Murray-Calloway County Airport , also known as Kyle-Oakley Field, is a public use airport located 4.6 mi northwest of the central business district of Murray, in Calloway County, Kentucky, United States. The airport opened in 1961. It is owned by the Murray City-Calloway County Board.

==History==
The need for an airport for Murray and Calloway County was apparent to further the growth and progress of the community. The Murray Chamber of Commerce knew of the interest which the Murray Jaycees had in working to obtain an airport.

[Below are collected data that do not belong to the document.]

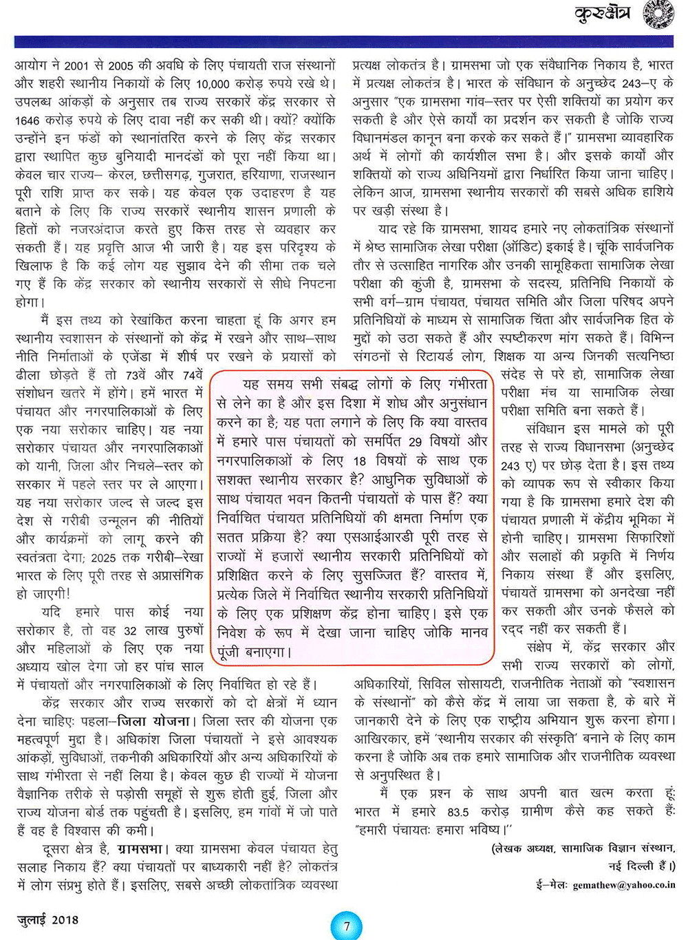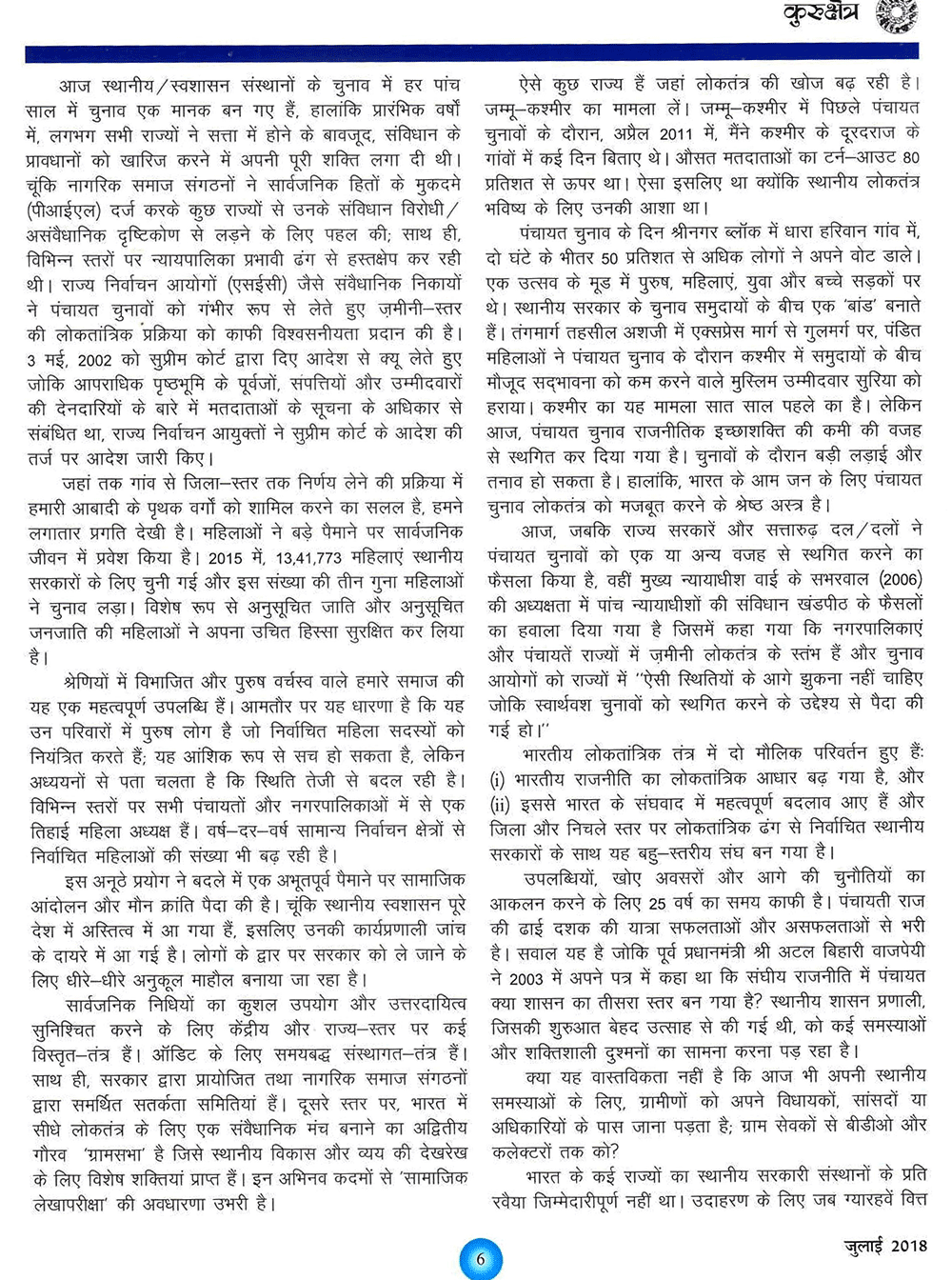 कुरुक्षेत्र : पंचायती राज : उपलब्धियां और चुनौतियां (21-07-2018)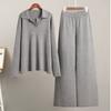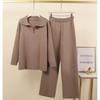 Women's Fall/Winter Oversized Set Polo-Neck Knit Pullover + Wide-Leg Pants Elegant Two-Piece Set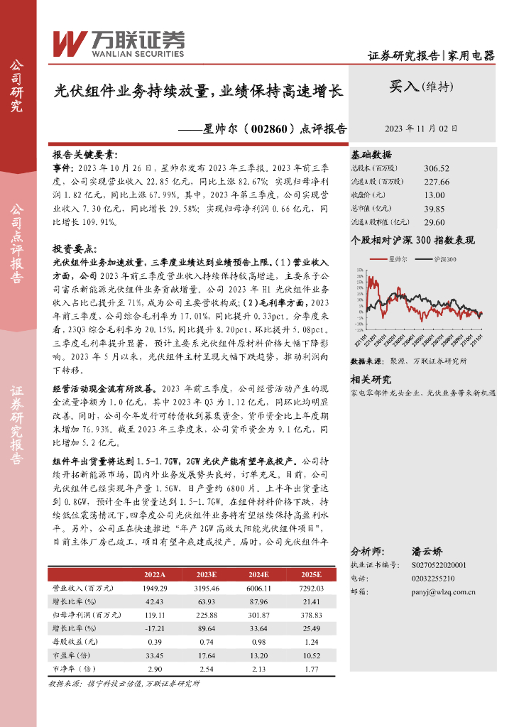 万联证券:星帅尔(002860)-点评报告:光伏组件业务持续放量,业绩保持高速增长.pdf

In the spring of 1957 the Murray Chamber of Commerce approached the Jaycees to offer their assistance and cooperation if the Jaycees would undertake the airport project. The Jaycees endorsed the project and a committee was appointed after approval by the board of directors. A campaign was established to obtain approval from the State Department of Aeronautics, with local residents, businesses and interested parties writing letters and making phone calls. The result was an approval to continue with the project. The Jaycees held a radio auction for the purpose of raising funds for the airport project. With the success of the auction it was evident that there would be an airport for Murray and Calloway County. On Saturday, October 28, 1961, Kentucky Governor Bert T. Combs dedicated the airport in a ceremony attended by state and local officials as well as many local citizens.

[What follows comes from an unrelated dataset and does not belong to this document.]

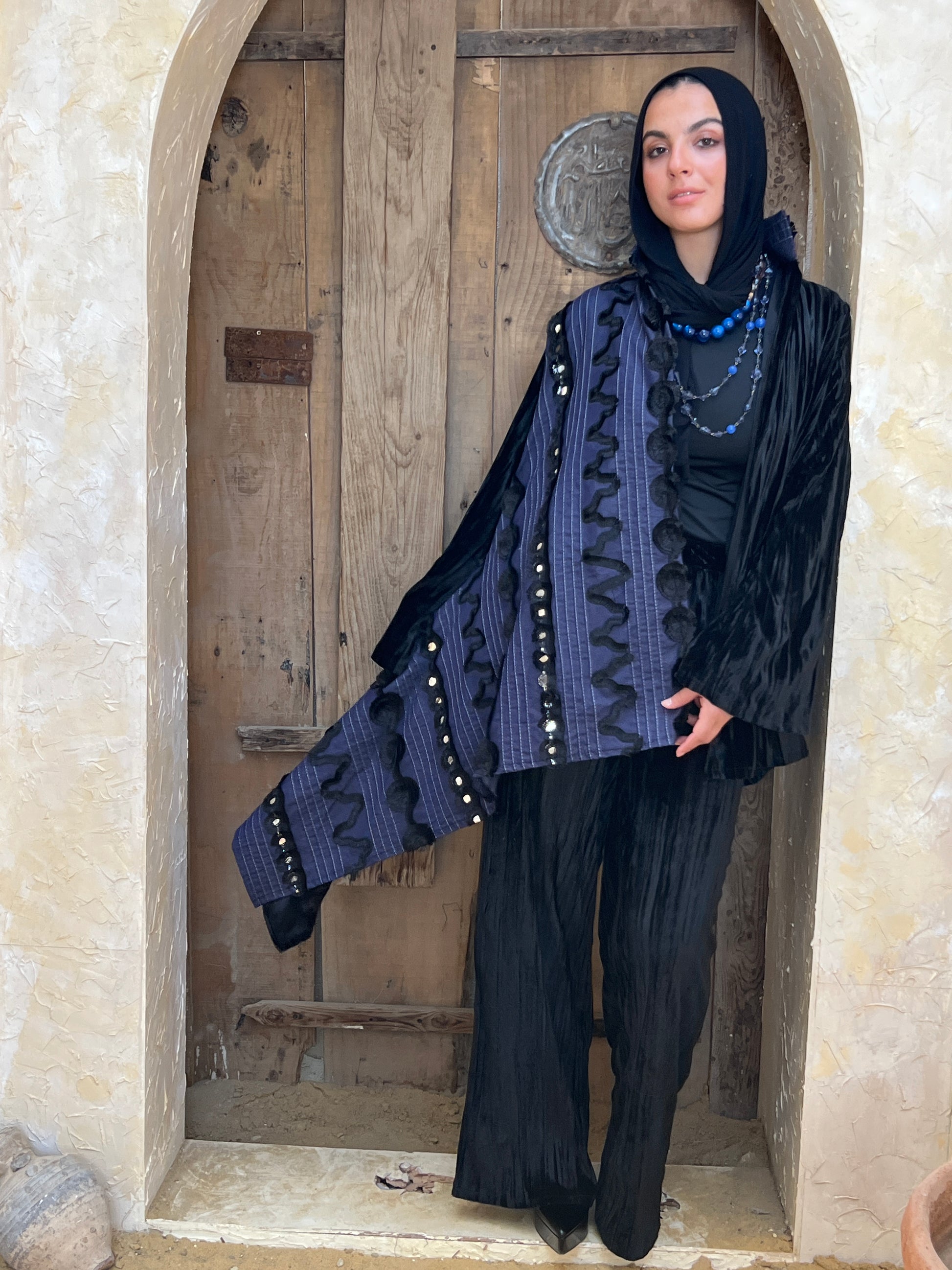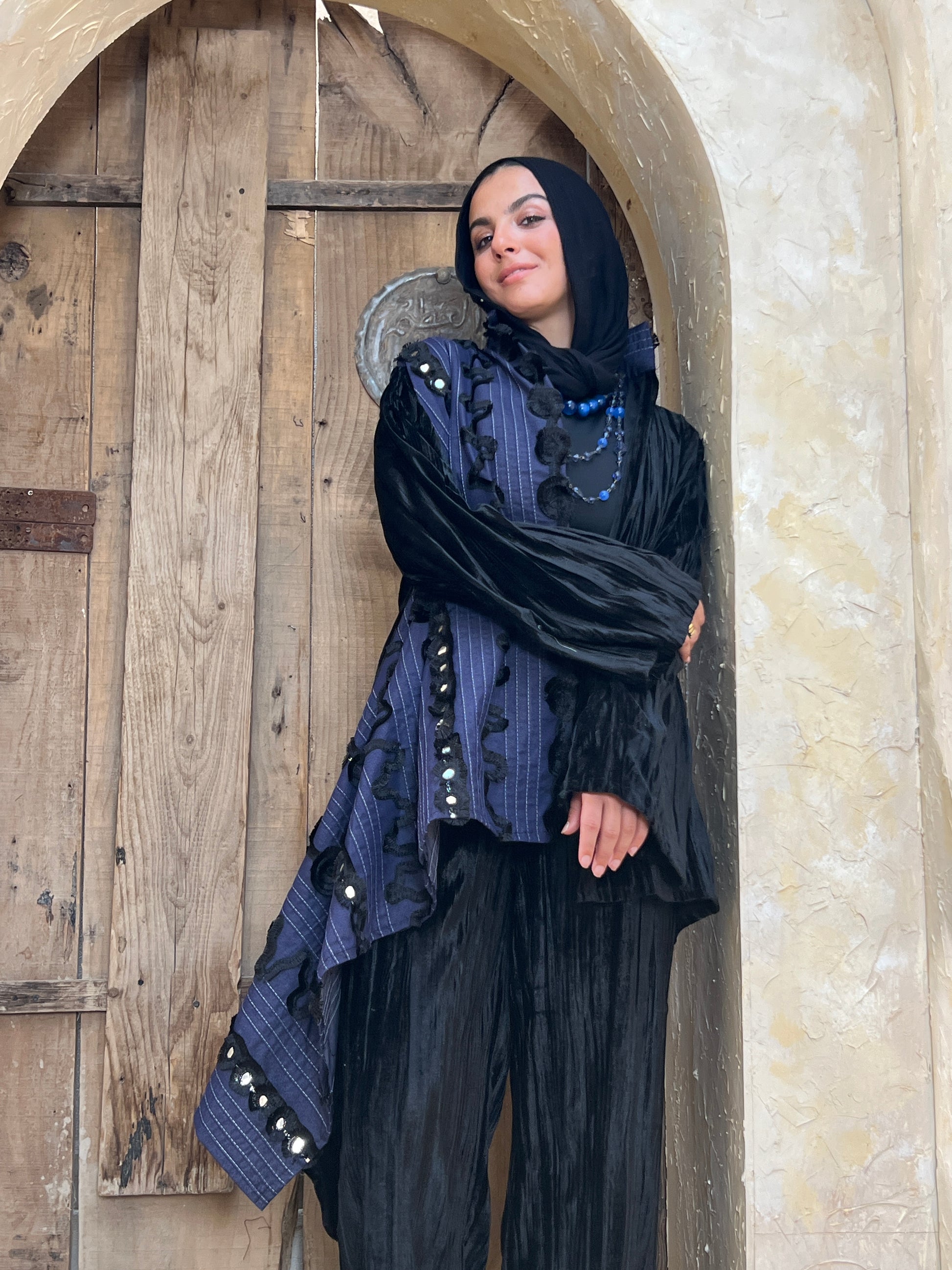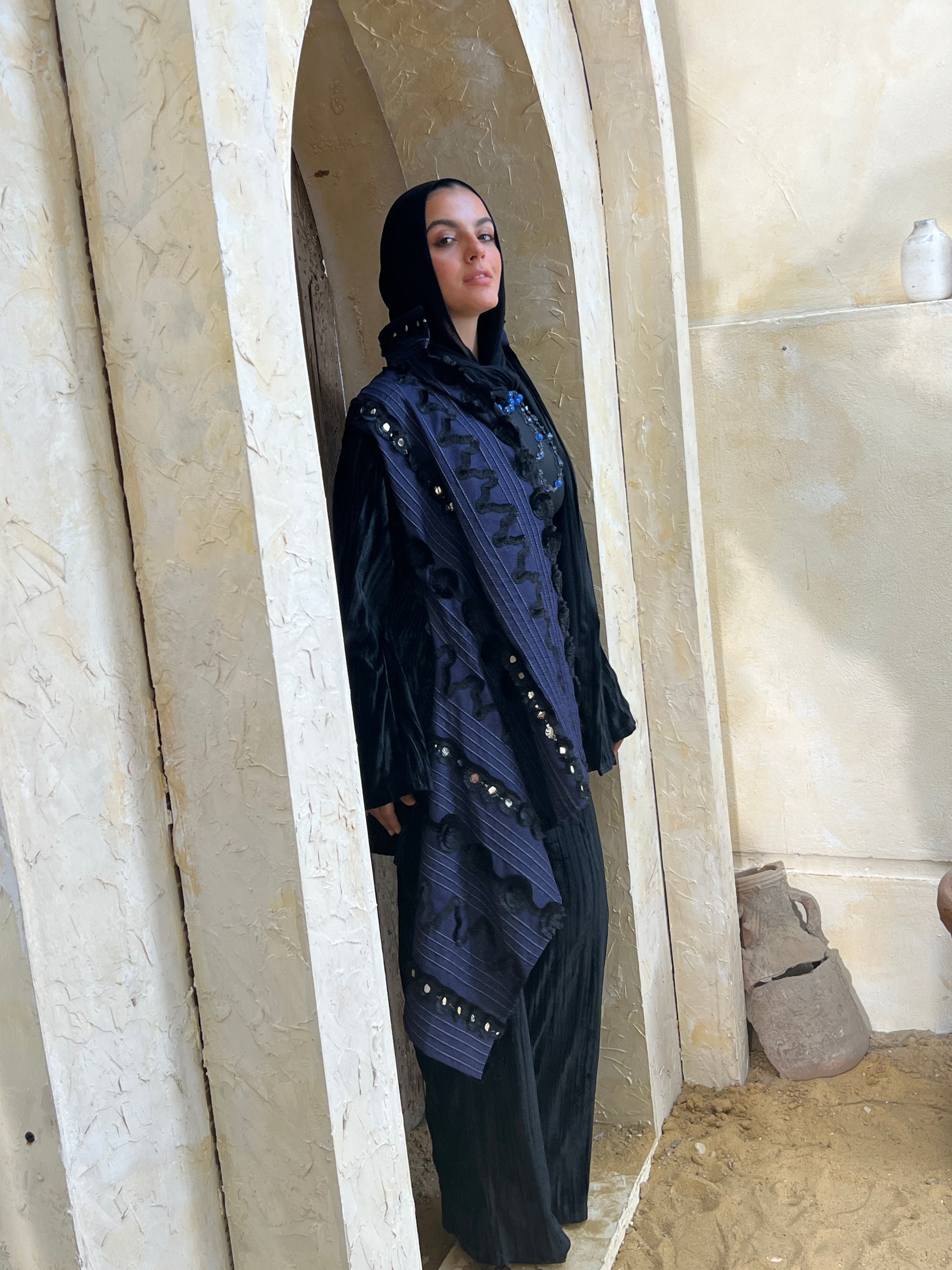 طقم من القطيفه مع أجزاء مطرزة

In the mid-1980s, a commuter type service called Sunbird Airlines had scheduled flights to Nashville using single engine Piper PA-32 aircraft. They lasted about four years.

==Facilities and aircraft==
The airport covers an area of 300 acre at an elevation of 577 feet (176 m) above mean sea level. It has one runway designated 5/23 with an asphalt surface measuring 6,202 by 100 feet (1,890 x 30 m).

For the 12-month period ending October 10, 2016, the airport had 15,938 aircraft operations, an average of 41 per day: 93% general aviation, 6% air taxi, and <1% military. At that time there were 41 aircraft based at this airport: 40 single-engine, and 1 multi-engine.